Sequencing DNA—revolutionary progress
The arrival of DNA sequencing technology over 40 years ago was critical for triggering the era of the genome. In 1977, two papers appeared a few months apart in the Proceedings of the National Academy of Sciences of the United States of America (PNAS) (Maxam and Gilbert 1977; Sanger et al. 1977) with different methods. The ingenious Sanger technique, which used radioactively labelled chain terminating inhibitors of nucleotide elongation in polymerase-catalysed primer extension, followed by polyacrylamide gel electrophoresis at single nucleotide sequence resolution, was eventually adopted for most early sequencing applications. The first small genome sequenced was the 5.4 kb bacteriophage ΦX174 (Sanger et al. 1978). From then on, constant innovation and step-by-step improvement of the chemical and engineering technologies allowed increasingly efficient and accurate sequencing. The history of this progression is described in a review celebrating 40 years of continuing innovation (Shendure et al. 2017). The progress has been breath-taking both technically and in terms of cost reduction. Long-read single-molecule sequencing is now revolutionizing the field (literally, you can sequence in a field), though short read sequencing is still heavily used routinely.

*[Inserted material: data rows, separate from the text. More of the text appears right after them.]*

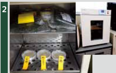
2 保温庫を30度に設定し、乾燥しないように気をつけながら保温。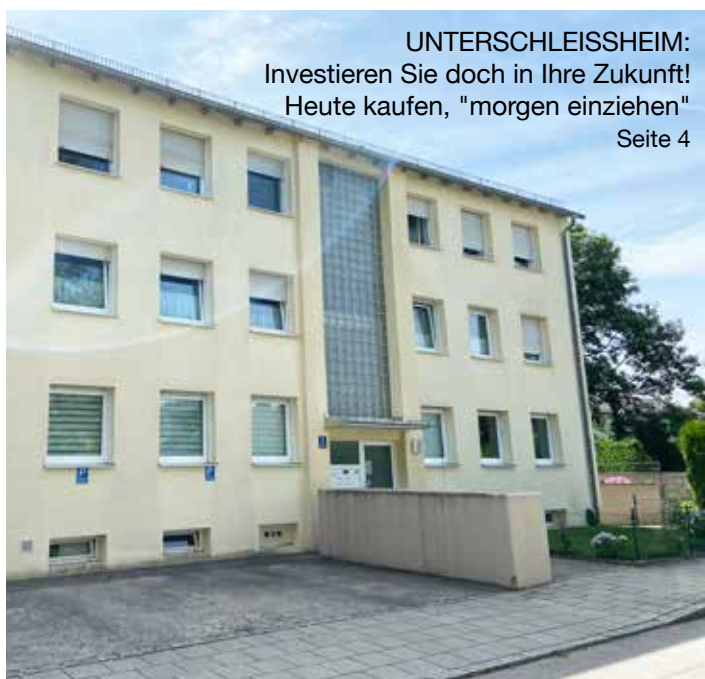
UNTERSCHLEISSHEIM: Investieren Sie doch in Ihre Zukunft! Heute kaufen, "morgen einziehen" Seite 4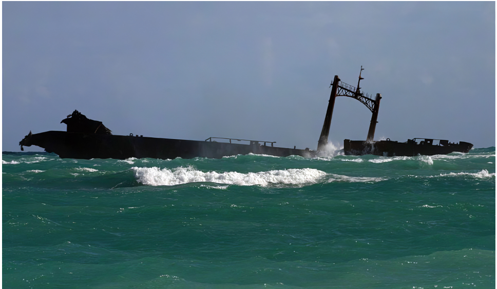
De golven die tegen de overblijfselen van de Astron beuken.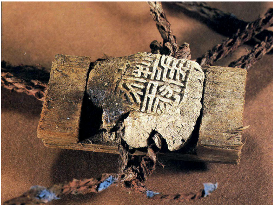
Abb. 3: Amtslehmsiegel aus Mawangdui, Provinz Hunan, 2. Jahrhundert v. Chr. (© Songchang Chen, Changsha).

Die siegelbezogenen Praktiken sind nach funktionalen, technischen oder prozessualen Kriterien zu unterscheiden. Erfüllt das Siegel eine Verschlussfunktion, kann man von versiegeln (verschließen, plombieren ) sprechen. Es kann dabei die betreffenden Objekte vollständig umschließen, wie die frühen Tonbullen im östlichen Mittelmeerraum, oder wie die chinesischen Lehmsiegel Schnüre zum Verschluss permanent fixieren (Abb. 3). Beim Beschluss meint siegeln in erster Linie besiegeln (verbindlich vereinbaren).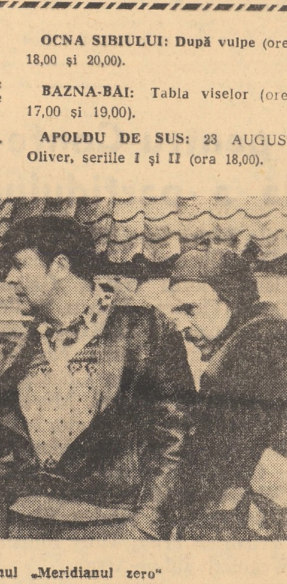
Cadru din filmul „Meridianul zero”

OCNA SIBIULUI: După vulpe (orele 18,00 și 20,00). BAZNA-BAI: Tabla viselor (orele 17,00 și 19,00). APOLDU DE SUS: 23 AUGUST: Oliver, seriile I și II (ora 18,00).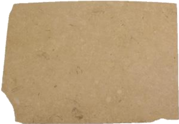
CREMA DEL DESIERTO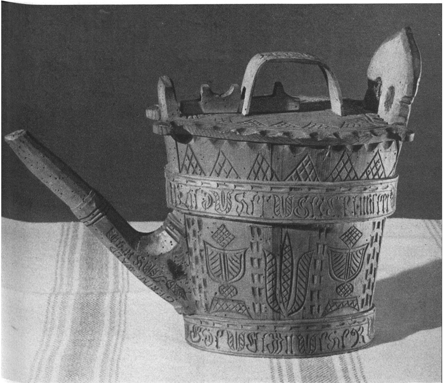
Abbildung 3: Abendmahlsgelte aus Erlenbach im Simmental, datiert 1725.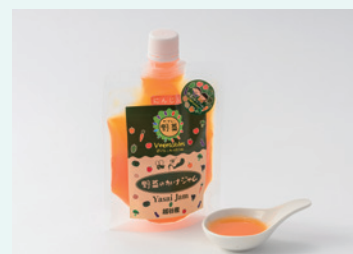
地場野菜イタリアン カボナータ 野菜のかけジャム(にんじん)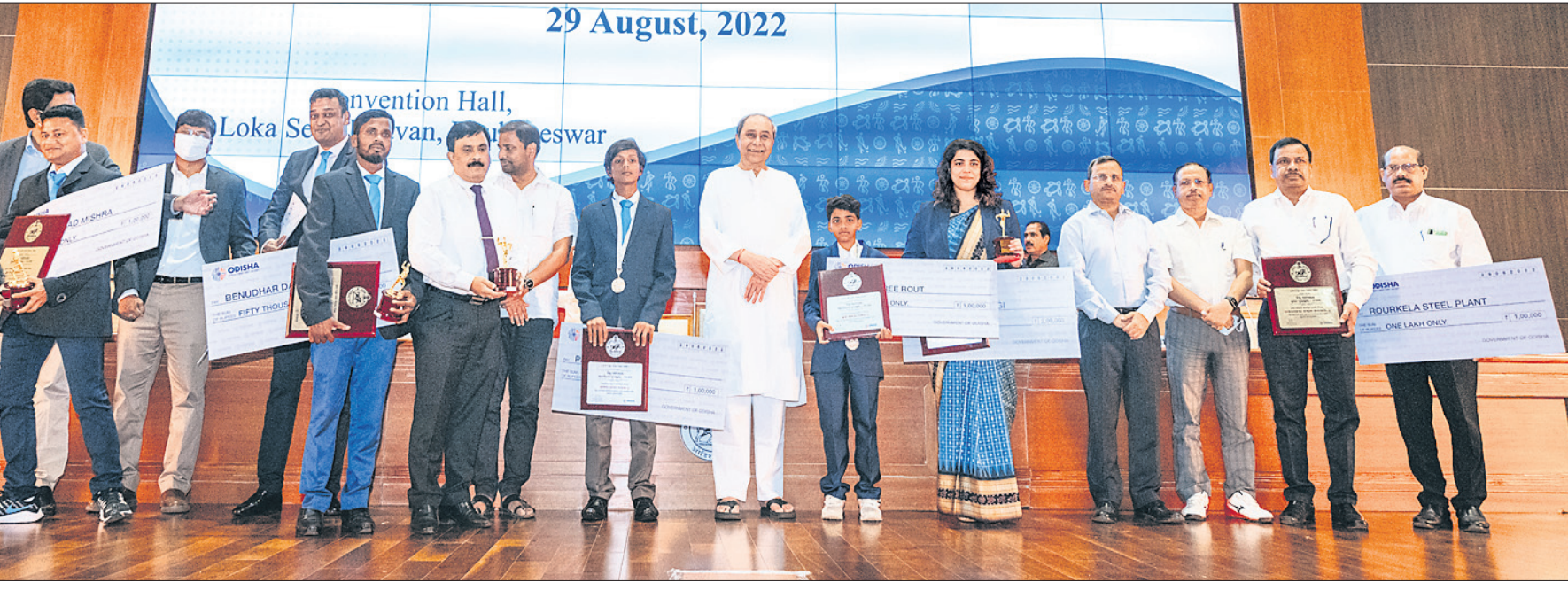
ପୁରସ୍କୃତ କ୍ରୀଡ଼ାବିତ୍ତ୍ୱ ରାଜ୍ୟରେ ପୁଷ୍ୟମନ୍ତ୍ରୀ ନବୀନ ପଟ୍ଟନାୟକ ଓ ଅନ୍ୟ ଅତିଥି।

ଭୁବନେଶ୍ୱର, ୨୯।୮ (କ୍ରୀଡ଼ା ପ୍ରତିନିଧି) କ୍ରୀଡ଼ା ଦିବସ ଅବସରରେ ସୋମବାର ପୁଷ୍ୟମନ୍ତ୍ରୀ ନବୀନ ପଟ୍ଟନାୟକ ରାଜ୍ୟର ସର୍ବୋଚ୍ଚ ବିଜୁ ପଟ୍ଟନାୟକ କ୍ରୀଡ଼ା ପୁରସ୍କାର ପ୍ରଦାନ କରିଛନ୍ତି।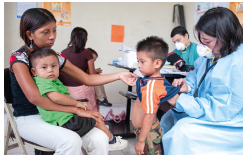
Au Salvador, Enfants du Monde a commencé son travail dans deux municipalités. Aujourd'hui, plus de 60'000 femmes enceintes, mères et bébés en bénéficient.

Au Guatemala, le défi majeur est de diminuer le taux d'analphabétisme très élevé. Dans certaines régions du pays, plus de 80% de la population indigène d'origine maya ne sait ni lire ni écrire. Les établissements scolaires font défaut et même quand ils existent, les parents refusent d'envoyer leurs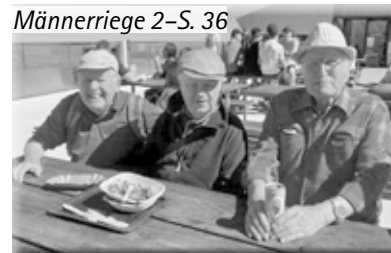
Männerriege 2-S. 36

Redaktionsschluss .....Nr. 1/2026 .....26. Februar 2026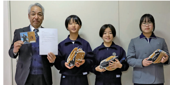
▲貞光小学校は朝礼でグローブが届いたことを全校児童に伝えました。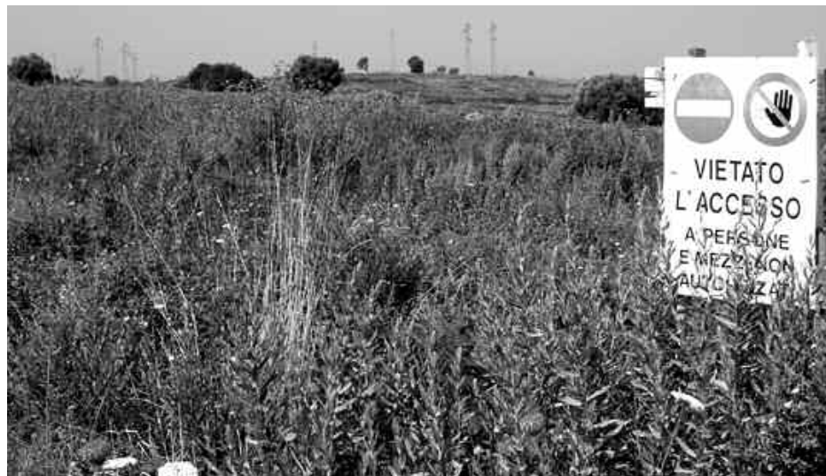
MORTO Ecco il cantiere del nuovo ospedale, "morto" prima ancora di essere costruito

Sanitopoli, il giudice ricostruisce il profilo dei personaggi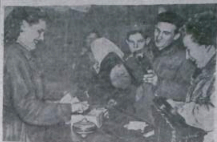
ВЕНГЕРСКАЯ НАРОДНАЯ РЕСПУБЛИКА. Нормальной жизнью снова живет город металлургов — Дулапентеле. Работают заводы, возобновились занятия в школах, открыты магазины. НА СНИМКЕ: в промтоварном магазине. Покупатели приобретают игрушки.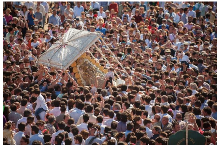
El Rocío, nabij Sévilla, verering van de maagd van el Rocío in 2016

Drukke huidige bedevaartsoorden zijn Lourdes, Fátima, el Rocío, Montserrat en –dichterbij– Kevelaer.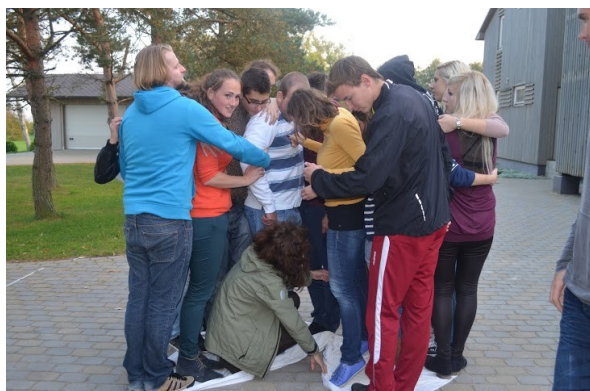
"Musíme se otočit tu plachtu, na které společně stojíme" Jedna z teambuildingových aktivit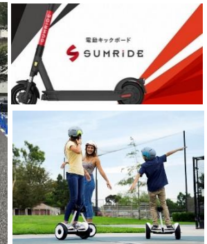
mini Segway の 試乗体験もあるよ!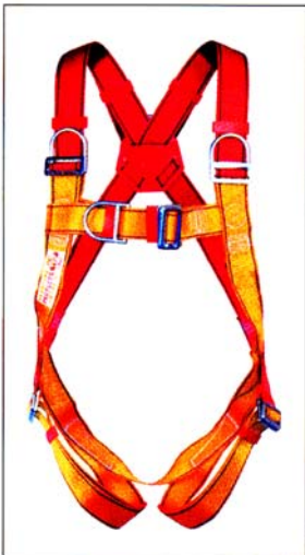
AB112 HARNAIS PRO 4 points d'ancrage antichute CE EN361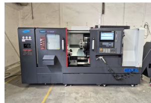
CNC Drehmaschine SMEC, SL 3000 BLM Baujahr: 2023, Steuerung: Siemens 828D - ShopTurn, Drehdurchm. [mm]: 405, Drehlänge [mm]: 956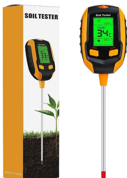
Світлина 11. Вимірювач вологості ґрунту.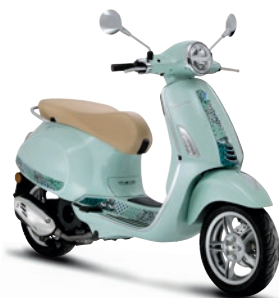
Grün Batik VK (350/A)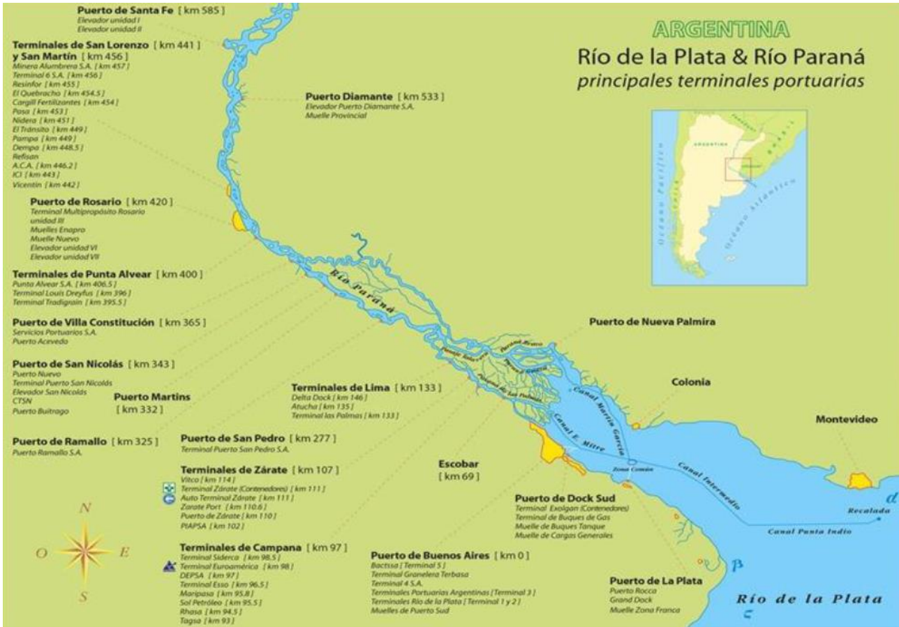
Figura 3: Principales terminales portuarias y canales de navegación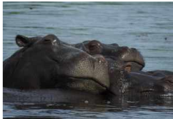
Flodhästarna myser.

Efter frukosten blev vi hämtade av gårdagens chaufför som nu tog oss till Victoriafallen. Kronjuvelen i resans program. Som vanligt möttes vi av en del lite väl påträngande försäljare. Men de insåg snart den begränsade köplusten hos gruppen. Vår chaufför agerade även guide vid fallen och vi följde honom på stigarna som leder till de imponerande scenerierna. Så här års faller den största vattenmängden på västra delarna, som man besöker från Zimbabwe. Besökarna där behövde nog handdukar för att torka sig efter sitt besök. Vatten som dånar ner över flodnacken blir som till täta fuktiga moln som stiger uppåt. Vi på den östra, och för årstiden lite torrare sidan, hade mera sikt över det hela. Red-winged Starling fanns planenligt på de för tillfället uttorkade fallväggarna. På det hela taget, en mycket fin upplevelse.

Genome assembly is still a complex task despite the huge advances in sequencing and in the computational assembly of overlapping fragments (Kolmogorov et al. 2018). Although painfully slow chromosome-specific mapping exercises are no longer needed when genomes in novel species are sequenced, an available framework map can still be very useful and modern technology can refine and confirm it, as shown for the C57BL/6J laboratory mouse genome (Lilue et al. 2018). One tool developed in the mid-1980s for map building is fluorescence in situ hybridisation (FISH). Fluorescently labelled BAC clones were frequently used for hybridisation to denatured metaphase chromosomes and even to interphase nuclei (Lichter et al. 1990). This technology is still used for very large complex genome assemblies, such as the 32 Gb (10× human genome size) axolotl genome (Smith et al. 2018). However, with overlapping sequencing and long-read novel technologies such as Pacific Biosciences (PAC-Bio) and Oxford Nanopore to bridge gaps, genome assembly is becoming easier and more reliable. An important finding for human genomes was the high frequency of copy-number variants, quite a few of which are found to be pathogenic, some associated with specific disease.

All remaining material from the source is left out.